[identity profile] yahvah.livejournal.com posting in [community profile] talkpolitics
1) If any state makes any thing a tender in payment of debts which isn't gold and silver coin, then that state has broken the supreme law of the land vis-a-vis Article one Section ten.
2) All fifty states make federal reserve notes a tender in payment of debts.
Therefore:
3) All fifty states have broken the supreme law of the land.

Some of you want to say the U.S. constitution is irrelevant, or the interpretation of the U.S. constitution is somehow fallacious. I'd like to point you to Cornell Law School's site. Notice how there's a hyperlink in section nine for the direct taxes clause, and the link takes you to the sixteenth amendment. The U.S. went through the amendment process to invalidate an original law of the constitution, but the Federal Reserve Act merely went through Congress and then to the President's desk. The exact same thing happens with the war on drugs. We amend the constitution to prohibit alcohol, but we don't amend the constitution to prohibit a less harmful drug like marijuana.

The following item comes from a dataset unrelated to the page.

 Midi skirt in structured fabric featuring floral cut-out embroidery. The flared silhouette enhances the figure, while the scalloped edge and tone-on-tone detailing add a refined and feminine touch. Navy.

Where's the irrefutable logic which shows how the U.S. doesn't have to amend the constitution?

(no subject)

Date: 10/2/10 03:42 (UTC)
ext_2661: (Default)
From: [identity profile] jennem.livejournal.com
You're not making any sense.

It has to be consistent with the fact that only the feds can coin money and regulate the value thereof, which means, really, the only thing the states can consider money is what the feds make.

I'd say, that's a "yes." What that has to do with your interpretation on the limit of the federal government's power to create legal tender only in the form of a metallurgical coin, I'm not sure.

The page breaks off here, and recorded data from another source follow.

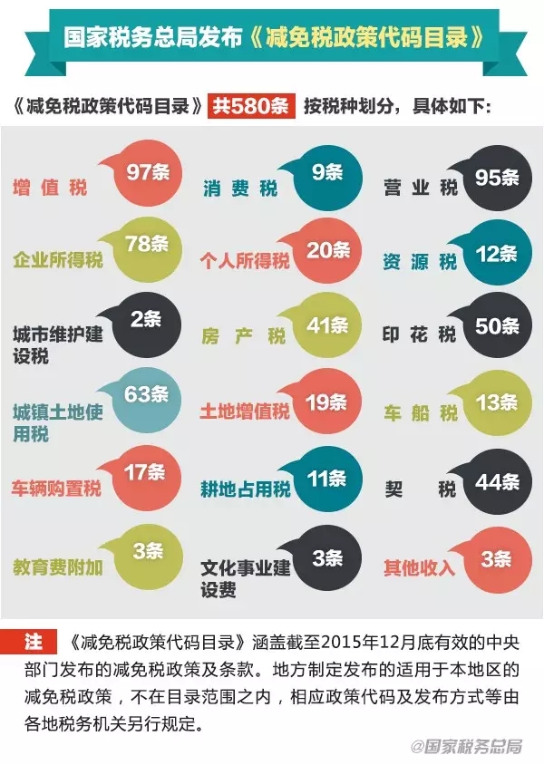 新版《減免稅政策代碼目錄》(以下簡稱《代碼目錄》)包括580條,涉及增值稅、消費稅、營業(yè)稅、企業(yè)所得稅、個人所得稅、資源稅、房產(chǎn)稅、城市維護建設(shè)稅、印花稅、契稅、城鎮(zhèn)土地使用稅、土地增值稅、車船稅、車輛購置稅、耕地占用稅、教育費附加和文化事業(yè)建設(shè)費等。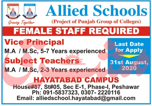 Allied Schools Jobs 2020 In Peshawar KPK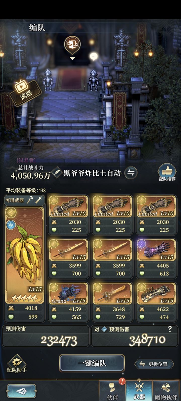 全自动炸连携,反正把输出灌出去就好,前面四轮就可以灌出来700w贡献,炸黑爷爷盾无压力。后边多打一轮赚一轮,首充风没有就换个别的土,第三轮会法主错轴打3c,不过影响不大。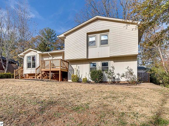 If you are looking for a 4 bedroom, 3 full bathroom home with a big backyard and lots of space, you've found your next home! This cute split level home has been freshly painted throughout with new carpet in the bedrooms! The main level is set up with a fireplace in the large living room on the back side of the home with kitchen and dining area in the front. You have access from the living room to the back deck where you can enjoy privacy in your fenced in yard while grilling out with friends and family or just relaxing on a sunny day. The lower level is perfect if you are looking for a separated living space with a nice sized living room or flex room, a bedroom, and full bathroom with new shower. Also, the laundry is located on this level. Upstairs you will find 3 bedrooms, including the primary with en-suite bathroom. The bedrooms all have new carpet and new fans. There is an outbuilding in the backyard that you can use for extra storage. This home is conveniently located in the quiet Peppertree community in Taylors which is only about 20 minutes from downtown Greenville's award winning restaurants and shopping!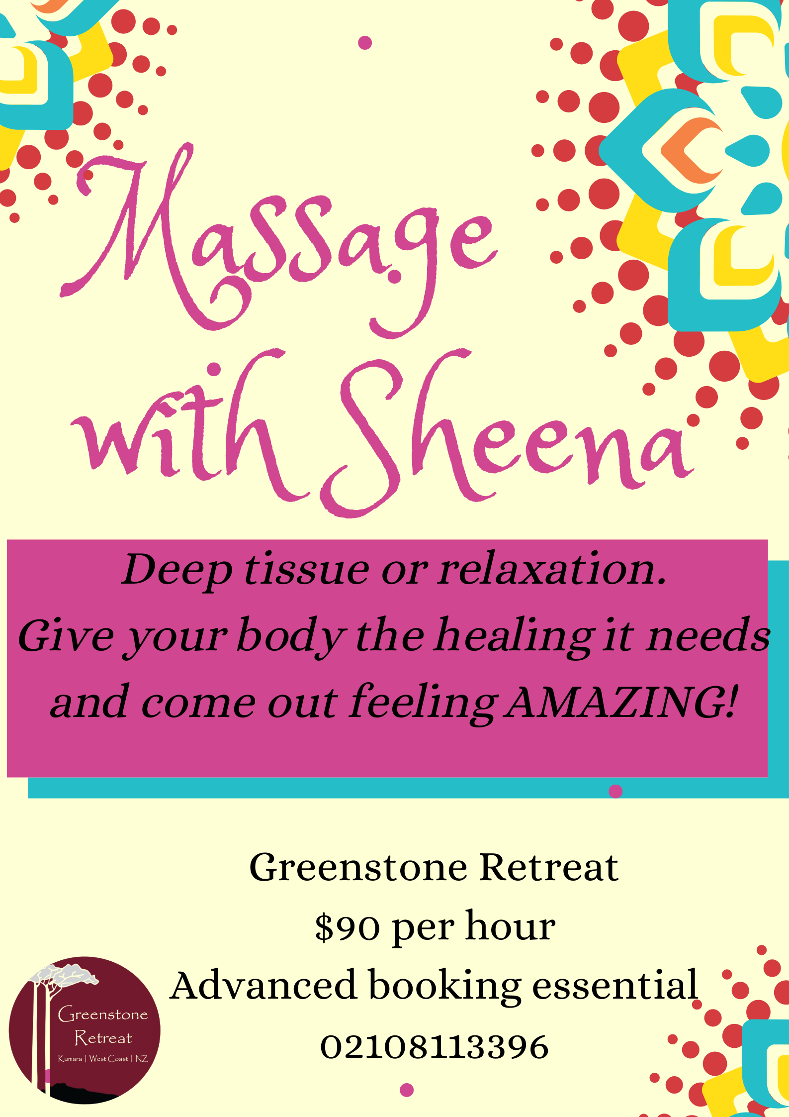 - Facebook — select “Mobile Massage” and add “Greenstone Retreat” in the comments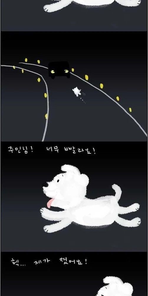 도로위에 버려진 개들은 차가와도 피하지도 않고 사람을 하나하나 확인합니다. 주인일까봐..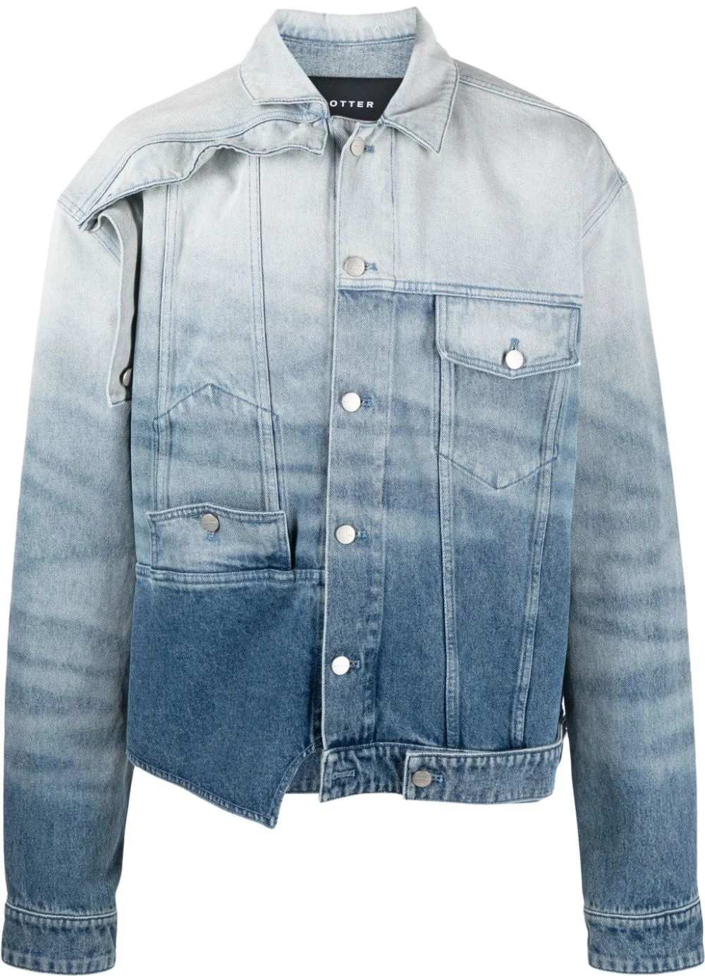 whiskering-effect denim jacket Highlights - Light blue - Organic cotton - Denim - Mid wash - Whiskering effect - Logo patch to the rear - Classic collar - Front button fastening - Long sleeves - Buttoned cuffs - Two front flap pockets - Asymmetric hem Imported Composition Organic Cotton 100% SIZE & FIT Model measurements Height 6 ft 1 in(1.86 m) Bust/Chest 34.64 in(88 cm) Hips 35.43 in(90 cm) Waist 27.55 in(70 cm) FittingInformation Designed to be unstructured, offering a loose fit throughout Sturdy and hard-wearing, this denim piece offers no stretch This piece fits true to size – take your usual size Washing instructions Machine Wash

At any rate, I'm going to bed. I think my position is pretty well established in the 10+ comments that have been made. I'm comfortable leaving the conversation as is for others to read and consider.

(no subject)

Date: 10/2/10 12:59 (UTC)
ext_2661: (Default)
From: [identity profile] jennem.livejournal.com
Maybe they should've thought of all those other metals which were already well-used long before they were even born?

Maybe it didn't really matter because states couldn't coin money in the first instance? State's can't make money, and they can't require their citizens to take anything other than gold or silver as legal tender.

The constitution explicitly limited the power of state governments to make legal tender anything other than gold or silver coin. (In addition to counting lower metallurgical elements out, it also counts out all other forms of legal tender, e.g. chickens, cotton, slaves (at that time), etc.) Are you seriously insinuating that such a limitation necessarily extends to limit the power of the federal government? There's a whole section limiting the federal government's power. If the Framers wanted to limit such a power, given the limitation on state power, don't you think they would have? If the Framers wanted "to coin money" to mean and only mean "to coin gold or silver money," don't you think they would have included such words? They obviously thought about using something other than gold or silver when they limited the power of the states.

That's really what you want to rest your argument on: the Constitution limited the states' power, so ergo, the federal government's power must also be limited to a gold and silver standard?